Posted on 21-08-2019 , by: admin , in , 0 Comments

The two biggest barriers to the use of machine learning (both classical machine learning and deep learning) are skills and computing resources. You can solve the second problem by throwing money at it, either for the purchase of accelerated hardware (such as computers with high-end GPUs) or for the rental of compute resources in the cloud (such as instances with attached GPUs, TPUs, and FPGAs).

On the other hand, solving the skills problem is harder. Data scientists often command hefty salaries and may still be hard to recruit. Google was able to train many of its employees on its own TensorFlow framework, but most companies barely have people skilled enough to build machine learning and deep learning models themselves, much less teach others how.

What is AutoML?

Automated machine learning, or AutoML, aims to reduce or eliminate the need for skilled data scientists to build machine learning and deep learning models. Instead, an AutoML system allows you to provide the labeled training data as input and receive an optimized model as output.

There are several ways of going about this. One approach is for the software to simply train every kind of model on the data and pick the one that works best. A refinement of this would be for it to build one or more ensemble models that combine the other models, which sometimes (but not always) gives better results.

A second technique is to optimize the hyperparameters (explained below) of the best model or models to train an even better model.

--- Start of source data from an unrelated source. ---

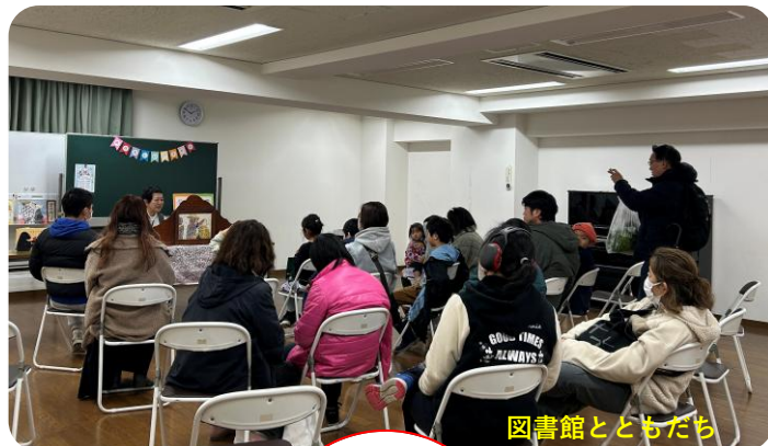
図書館とともだち

クリスマスにちなんで作ったクリスマスベルも個性豊か！音楽で想いを自由に表現され、どの方もキラキラ輝いていました。」と感想をいただきました。
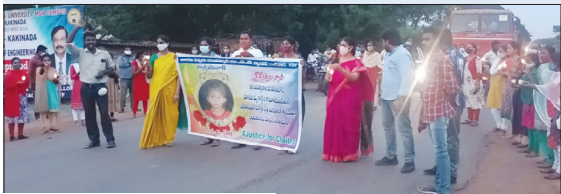
కొవ్వొత్తుల ర్యాలీ నిర్వహిస్తున్న దృశ్యం
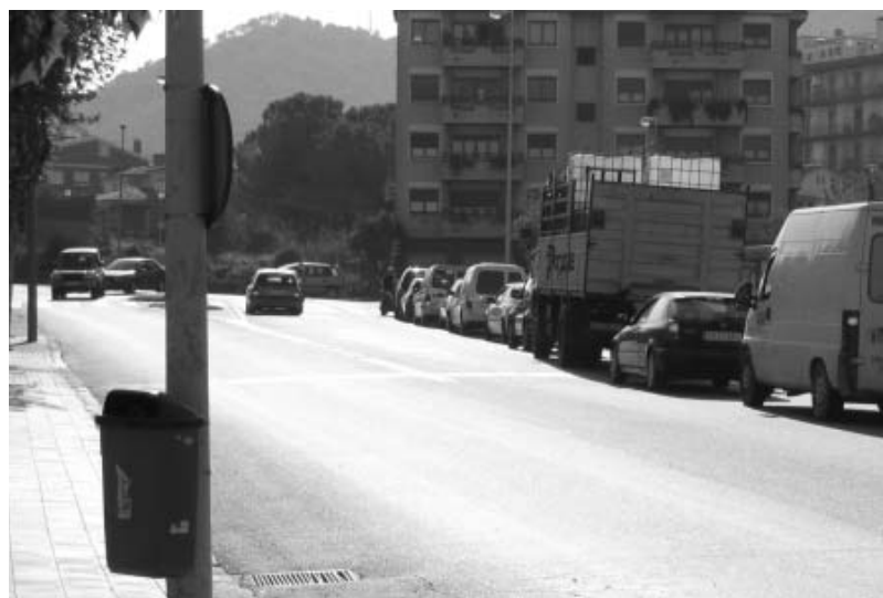
Avinguda de la Llibertat

Els treballs consistiran en la construcció d'un nou col·lector de la xarxa primària, l'anul·lació o demolició del col·lector existent i l'adaptació de les xarxes secundàries de clavegueram.
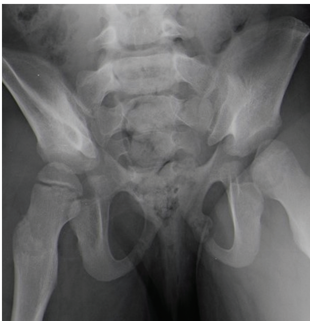
Fig. 2 Radiografia da bacia (outlet).
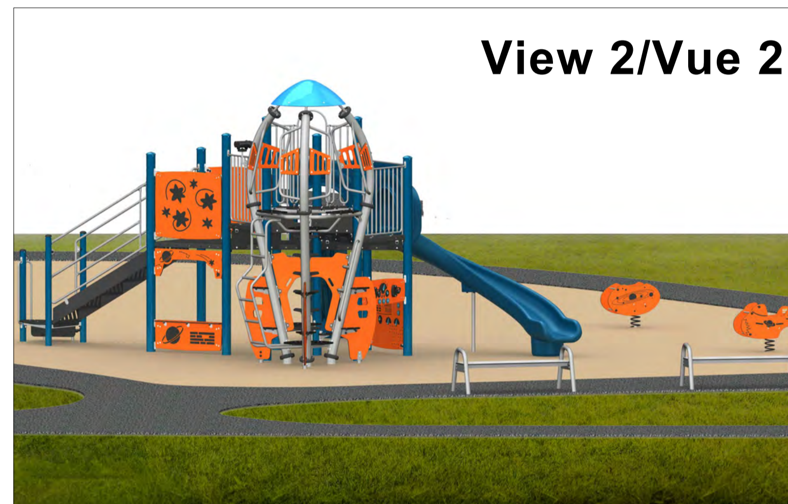
View 2/Vue 2

PLAY STRUCTURE : 2-12 YEARS OLD STRUCTURE DE JEUX: 2 À 12 ANS
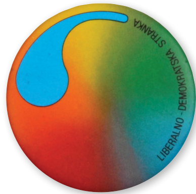
Priponka LDS. (oblikovanje: Matjaž Vipotnik)

Volilna zakonodaja je bistveno spremenila način, na katerega so bili izbrani poslance in poslanci Državnega zbora RS. V 8. volilnih enotah s po 11. okraji so nastopali posamezni kandidati in kandidatke: izvoljeni so bili kandidati z največjim relativnim deležem glasov, upoštevaje celotni delež glasov, ki so jih prejele stranke oziroma predlagatelj kandidatur.
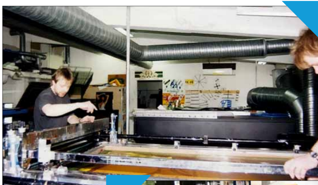
Kahdella miehellä väri kerrallaan, pientä säätöä ei voinut painamisen aikana välttää mitenkään. Seula muuten pestiin aina tinnerillä.

Kaksi väriä painettu (yellow ja magenta), seuraavaksi cyan ja lopuksi musta. Sen jälkeen käsin muotoonleikkaus ja teippaus autoon. Purkkien määrästä voi päätellä kuinka paljon eri sävyjä oli käytettävissä.
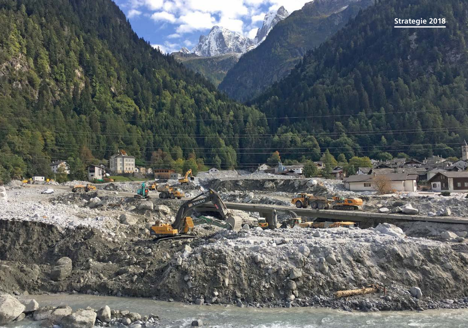
Aufräumarbeiten im bündnerischen Bondo nach dem Bergsturz am Piz Cengalo im August 2017.
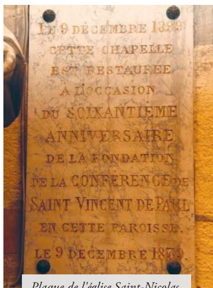
Plaque de l'église Saint-Nicolas
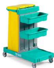
MAGIC LINE 111B BASIC
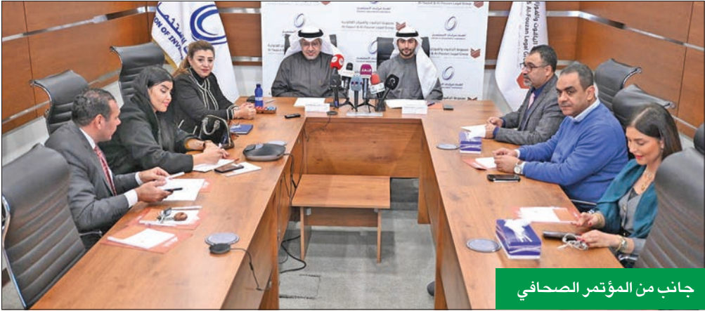
جانب من المؤتمر الصحفي

وبيّن أن ثمرة التعاون مع اتحاد الشركات الاستثمارية سينتج عنه الإعلان عن منتدى اقتصادي قانوني دولي، وسيكون بمنزلة «غلوبال ديوان العالمية» ومقرها فرنسا، بالشراكة مع اتحاد الشركات الاستثمارية وغرفة
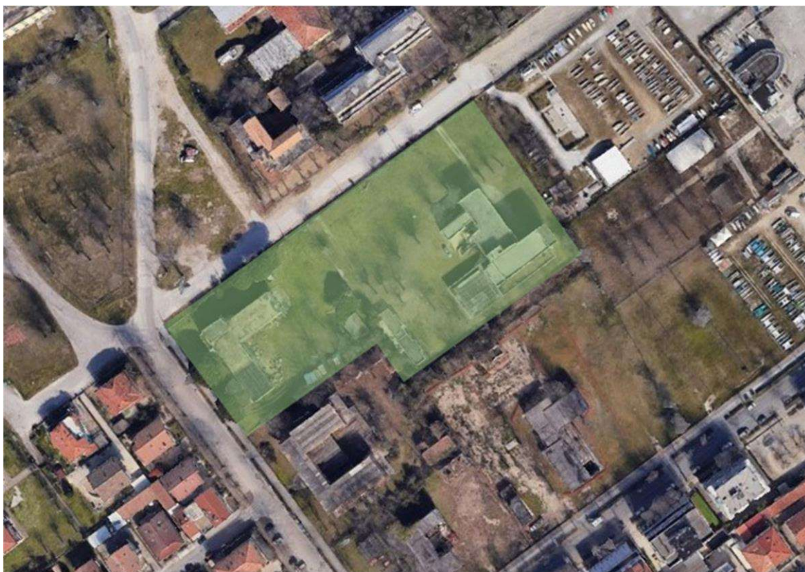
Foto aerea urbana oggetto di rigenerazione
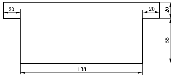
图 2 T 形刮板示意图
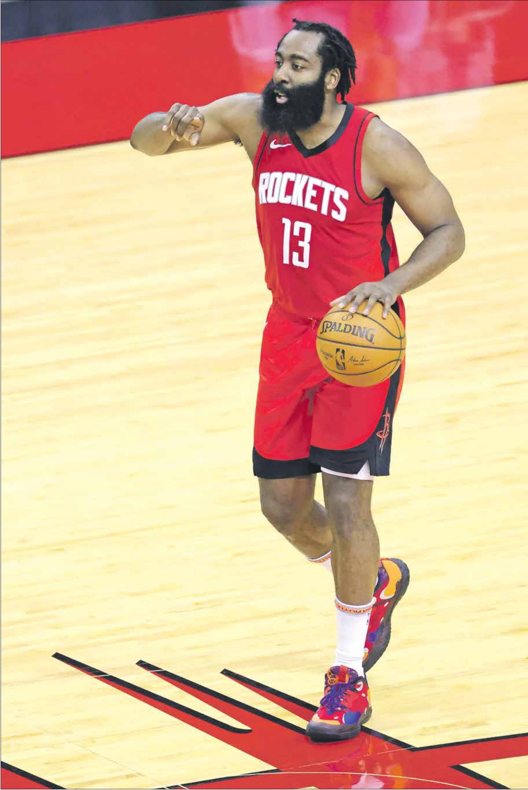
جيمس هاردن يبدأ رحلة جديدة في الدوري الأميركي

كشفت شبكة «إس بي إن» أن هداف دوري كرة السلة الأميركية للمحترفين في المواسم الثلاثة الأخيرة جيمس هاردن ترك فريقه هيوستن روكتس للانتقال إلى صفوف بروكلين نتس. ولم يعلن أي من الفريقين رسمياً عن قيمة الصفقة التي وصفتها وسائل الإعلام الأميركية بأنها «ضخمة». هذا وسيلعب هاردن إلى جانب النجمين الكبارين كيفن دورانت الذي لعب معه ثلاثة مواسم (2009-2012) في أوكلاهوما سيتي ثاندر، وكايري إيرفينغ.
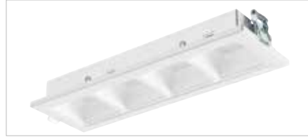
Version réflecteur blanc (UGR < 22)

Grâce à la parfaite combinaison des 4 cellules LED avec le diffuseur et les réflecteurs haute performance, OPTIX R4 CELLS offre un contrôle optimisé de l'éblouissement (UGR < 18 pour la finition aluminium et UGR < 22 en blanc).
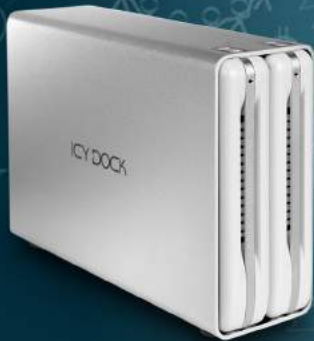
ICY RAID MB662U3-2S R1
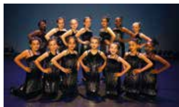
Gala du 3 juin 2023, au théâtre du Vellein, thème le 7 e art : « L'ADV fait son cinéma ! ».

https://www.facebook.com/LArtistiqueDanseDeVillefontaine/
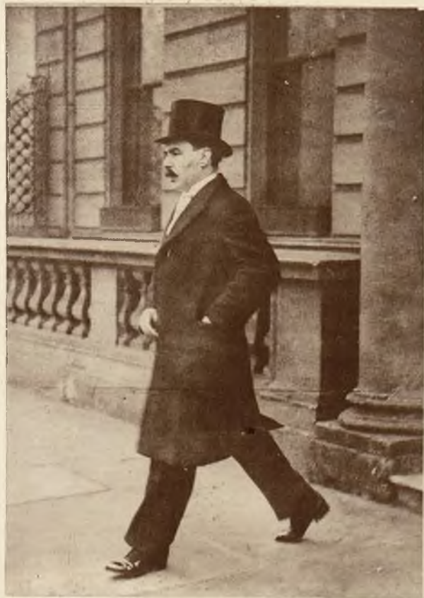
M. Sokolnikow, ambasador sowiecki w Londynie opuszcza pałac Buckingham po przyjęciu u króla. Jest to pierwszy urzędnik sowieców przyjęty przez króla angielskiego.
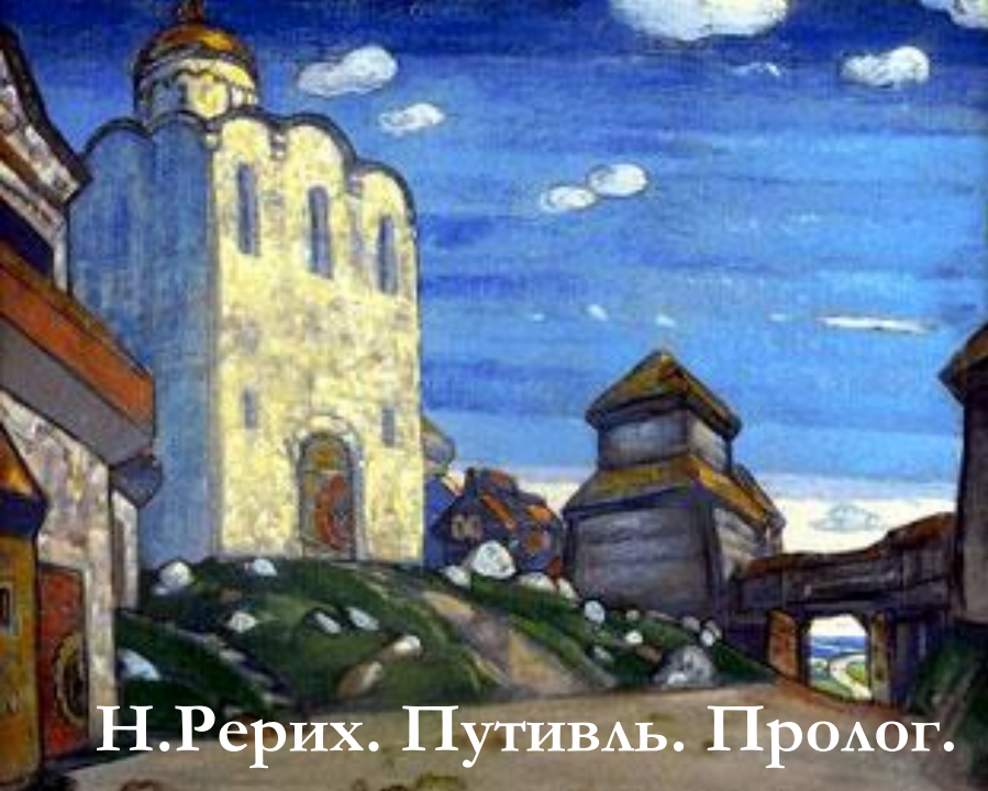
Н.Рерих. Путивль. Пролог.

Feature engineering (also explained below) is a valuable addition to any model training. One way of de-skilling deep learning is to use transfer learning, essentially customizing a well-trained general model for specific data.

What is hyperparameter optimization?

All machine learning models have parameters, meaning the weights for each variable or feature in the model. These are usually determined by back-propagation of the errors, plus iteration under the control of an optimizer such as stochastic gradient descent.